Israel Prize laureate Yehudit Arnon, founder and choreographer of the Kibbbutz Contemporary Dance Company, died recently at age 87. 

            Sent to Auschwitz in 1944, the SS wanted the 17 year-old Czech-born inmate to dance at their Christmas party. When she refused, she was forced as punishment to stand barefoot in the snow; Arnon swore that if she survived, she would dedicate herself to dance. 

            One of the most unforgettable stories I ever published was in a 1991 column of quirky news* which told how Arnon, a member of kibbutz Gaaton, received a small unexpected package from abroad. After vacillating whether to call the bomb squad, Arnon gingerly unwrap the suspicious parcel.  Inside was a box containing a nylon bag with the ashes of renowned American choreographer Gene Hill Sagan. The sender was a Philadelphia crematorium.

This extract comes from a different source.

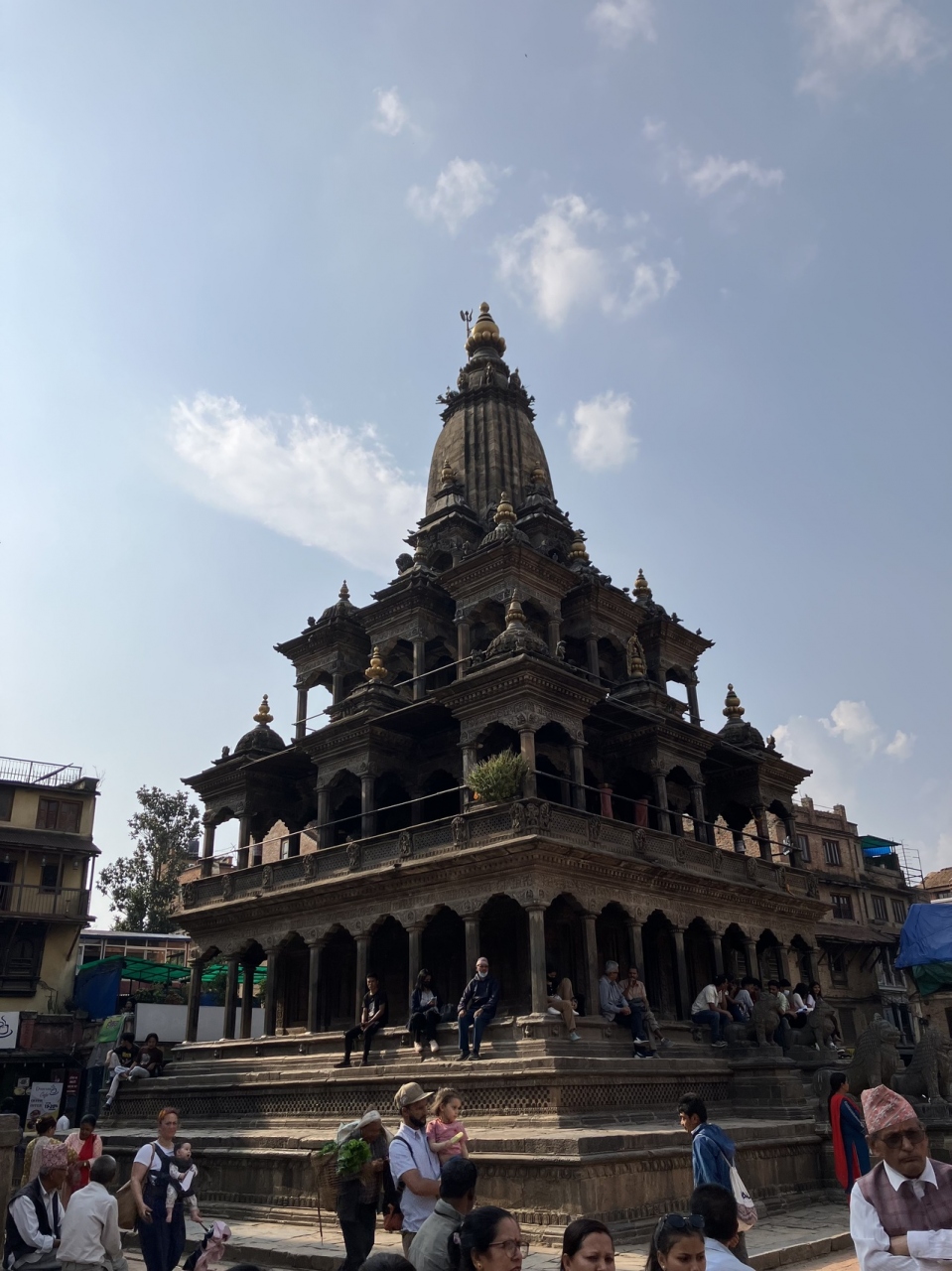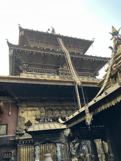 木造やレンガ造りの寺院が多いネパールで、パタン(ラリトプル)にある金箔で覆われた寺院です。

            After the initial shock, Yehudit Arnon realized the remains were a last request from her long-time friend who had died of AIDS two months earlier. She packed the ashes in a simple kiln-fired jar and placed it in the heart of a sculpturegarden at the entrance to the Gaaton Kibbutz Dance Troupe's studio and went back to dancing.

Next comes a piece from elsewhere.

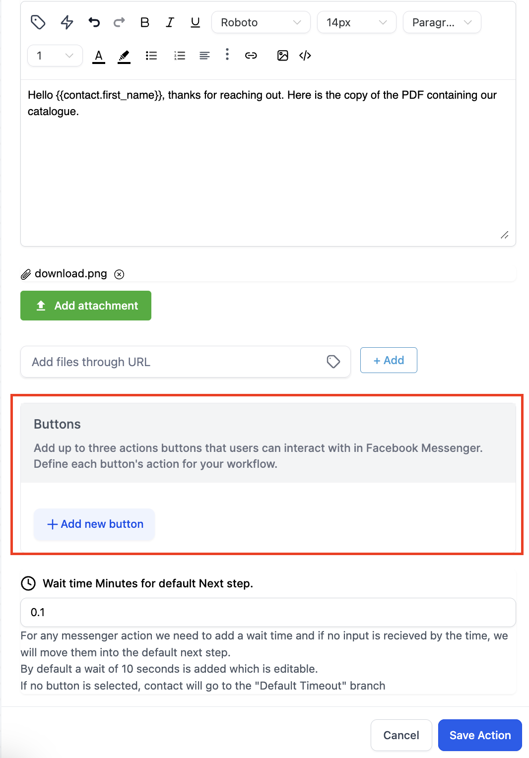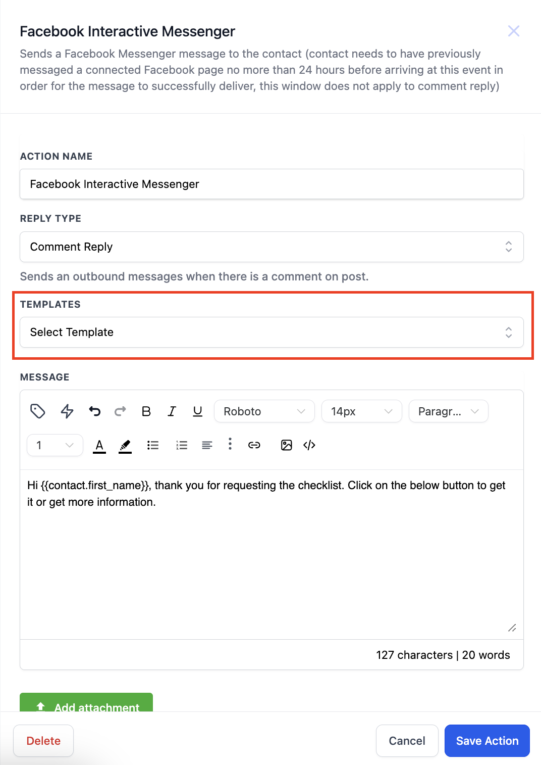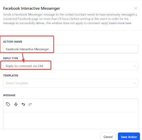 Workflow Action: Facebook Interactive Messenger

 * ‘Gleanings,’ a forerunner of today’s columns, carried by the news monthly Israel Scene between 1986-1994.

 

 KEEP THE FAITH!

Even Israel’s laid-back society has some limits: The Prime Minister’s Office has issued a dress code stipulating that from now on, no employee, no matter how lowly, is to show up at work in sweats, shorts, undershirt-style shirt or tank top with their bellybutton exposed.  Even flip-flops (!) are ‘out’… 

            Faceless civil servants hidden-away in tiny airless and at times un-air conditioned cubicles ‘somewhere in the building’ were up in arms, saying the new directives were out of whack with Israel’s climate. One unidentified but flabbergasted veteran retorted: “We finished high school a long time ago* and it’s not clear why they are trying to ‘educate’ us.  Ish b’emunato y’chiyeh! (Each should live according to his faith)

 * where school uniforms are common.

  

GETTING OUT THE VOTE

Usually it’s the candidates that sling mud at one another in elections, but in one recent municipal race, the mud-slinger was the father of the candidate Arieh Yitzchaki (69), who sent a letter to all constituents in Kfar Yonah (p. 17,000), just outside Natanya, saying his daughter, attorney Metal Yitzchaki-Toledano who was running for mayor, was “unreliable.”*

            It wasn’t the first time her father made news; during the August 2005 Disengagement from Gaza, Dr. Yitzchaki, an historian, barricaded himself in his home in Kfar Yam in Gush Katif armed with an M-16 rifle, daring anyone to try and uproot him from his house (but then agreed to be evacuated without a fight, once he had captured the headlines). 

 * Was anybody listening? Apparently – yes. One of five candidates on the ballot, Yitzchaki-Toledano came in third.